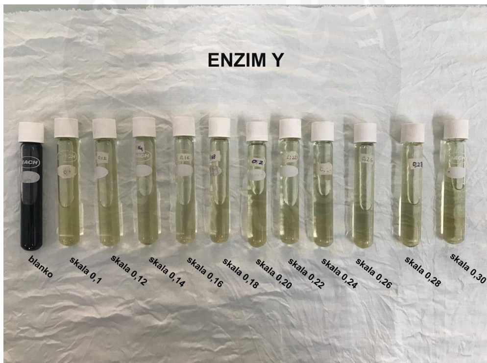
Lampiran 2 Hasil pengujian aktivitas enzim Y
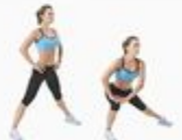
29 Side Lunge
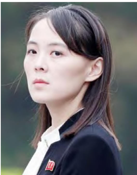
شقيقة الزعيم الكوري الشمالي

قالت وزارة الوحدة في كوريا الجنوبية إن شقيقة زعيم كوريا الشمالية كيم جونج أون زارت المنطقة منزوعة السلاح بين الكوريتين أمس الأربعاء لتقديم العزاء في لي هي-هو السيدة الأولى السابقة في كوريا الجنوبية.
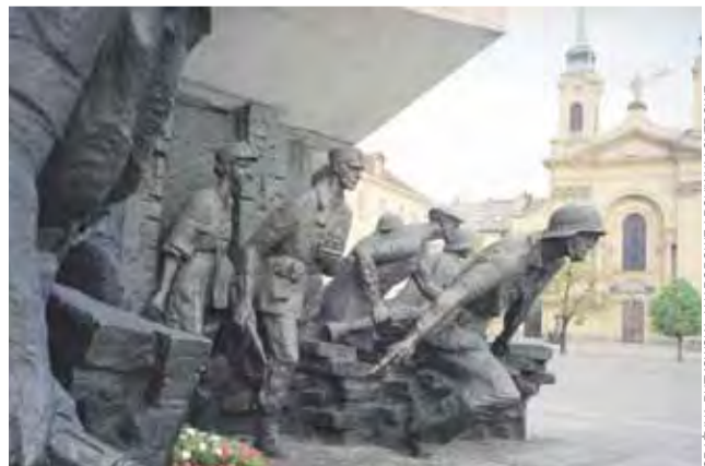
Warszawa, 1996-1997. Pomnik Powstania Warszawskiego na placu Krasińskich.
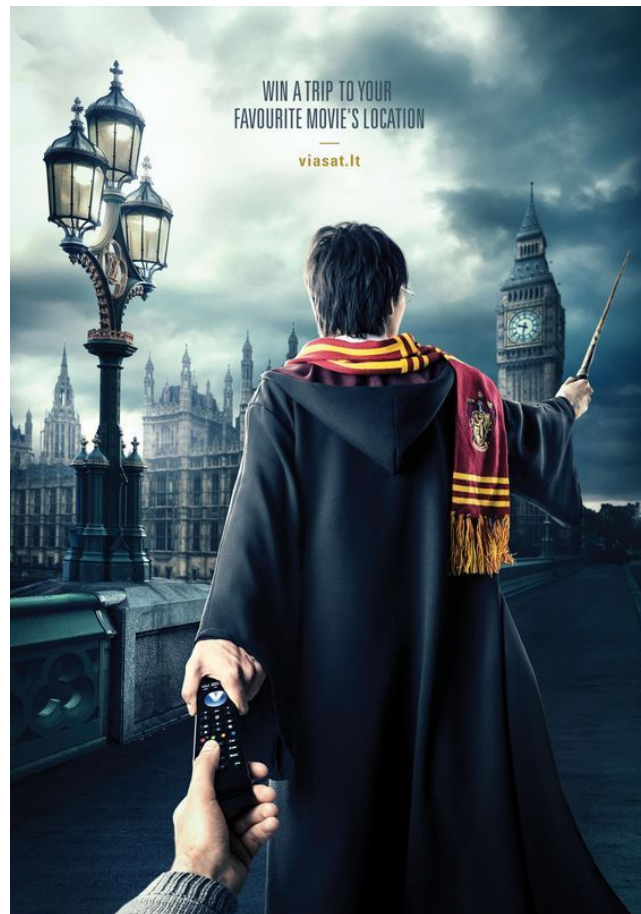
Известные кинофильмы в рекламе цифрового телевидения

==

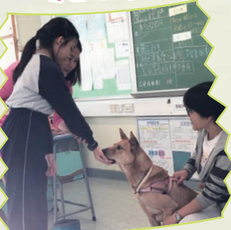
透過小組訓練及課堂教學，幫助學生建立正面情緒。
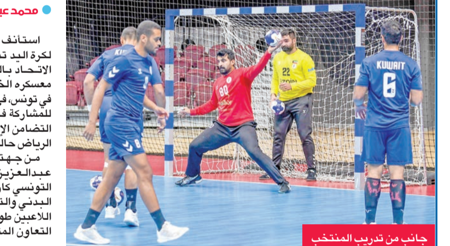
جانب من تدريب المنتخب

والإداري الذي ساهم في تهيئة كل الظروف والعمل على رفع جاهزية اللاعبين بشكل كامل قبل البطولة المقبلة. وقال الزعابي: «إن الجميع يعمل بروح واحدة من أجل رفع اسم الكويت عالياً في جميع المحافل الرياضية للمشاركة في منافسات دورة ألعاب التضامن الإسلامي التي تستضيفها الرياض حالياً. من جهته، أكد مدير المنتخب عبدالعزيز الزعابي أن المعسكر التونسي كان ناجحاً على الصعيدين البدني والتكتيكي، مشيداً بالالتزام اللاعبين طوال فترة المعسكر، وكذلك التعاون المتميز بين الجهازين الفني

* * *

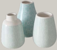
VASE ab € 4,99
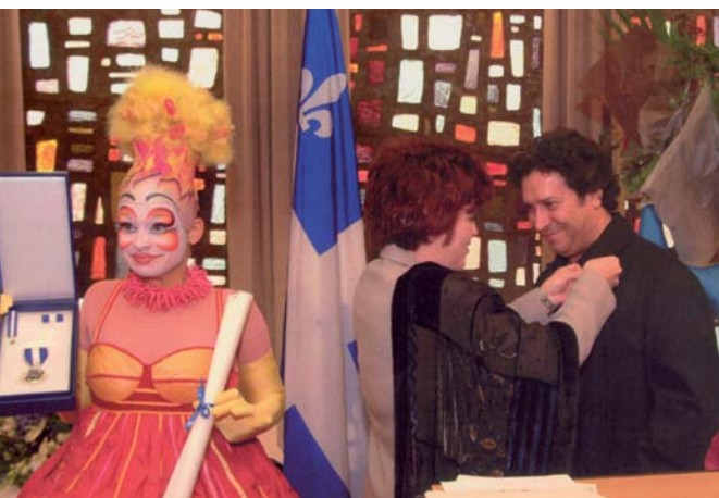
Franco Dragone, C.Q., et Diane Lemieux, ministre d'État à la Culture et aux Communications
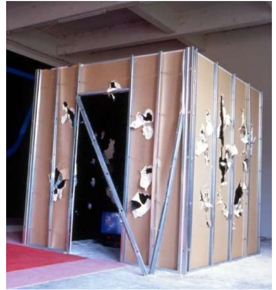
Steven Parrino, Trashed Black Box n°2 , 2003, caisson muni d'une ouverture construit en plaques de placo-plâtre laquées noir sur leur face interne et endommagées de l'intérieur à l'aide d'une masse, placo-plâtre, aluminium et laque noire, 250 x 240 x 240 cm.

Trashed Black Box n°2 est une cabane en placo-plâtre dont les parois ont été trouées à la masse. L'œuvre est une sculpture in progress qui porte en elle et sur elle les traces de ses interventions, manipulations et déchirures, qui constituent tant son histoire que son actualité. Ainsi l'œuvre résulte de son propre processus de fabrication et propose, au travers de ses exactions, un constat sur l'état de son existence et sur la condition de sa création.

▶ **Assigned task**: Everything above from the line containing "Franco Dragone, C.Q., et" through the line containing "Trashed Black Box n°2 est" must be repeated exactly, and the pictures must be left out.

▶ **Exercise response**:
Franco Dragone, C.Q., et Diane Lemieux, ministre d'État à la Culture et aux Communications
Steven Parrino, Trashed Black Box n°2 , 2003, caisson muni d'une ouverture construit en plaques de placo-plâtre laquées noir sur leur face interne et endommagées de l'intérieur à l'aide d'une masse, placo-plâtre, aluminium et laque noire, 250 x 240 x 240 cm.

Trashed Black Box n°2 est une cabane en placo-plâtre dont les parois ont été trouées à la masse. L'œuvre est une sculpture in progress qui porte en elle et sur elle les traces de ses interventions, manipulations et déchirures, qui constituent tant son histoire que son actualité. Ainsi l'œuvre résulte de son propre processus de fabrication et propose, au travers de ses exactions, un constat sur l'état de son existence et sur la condition de sa création.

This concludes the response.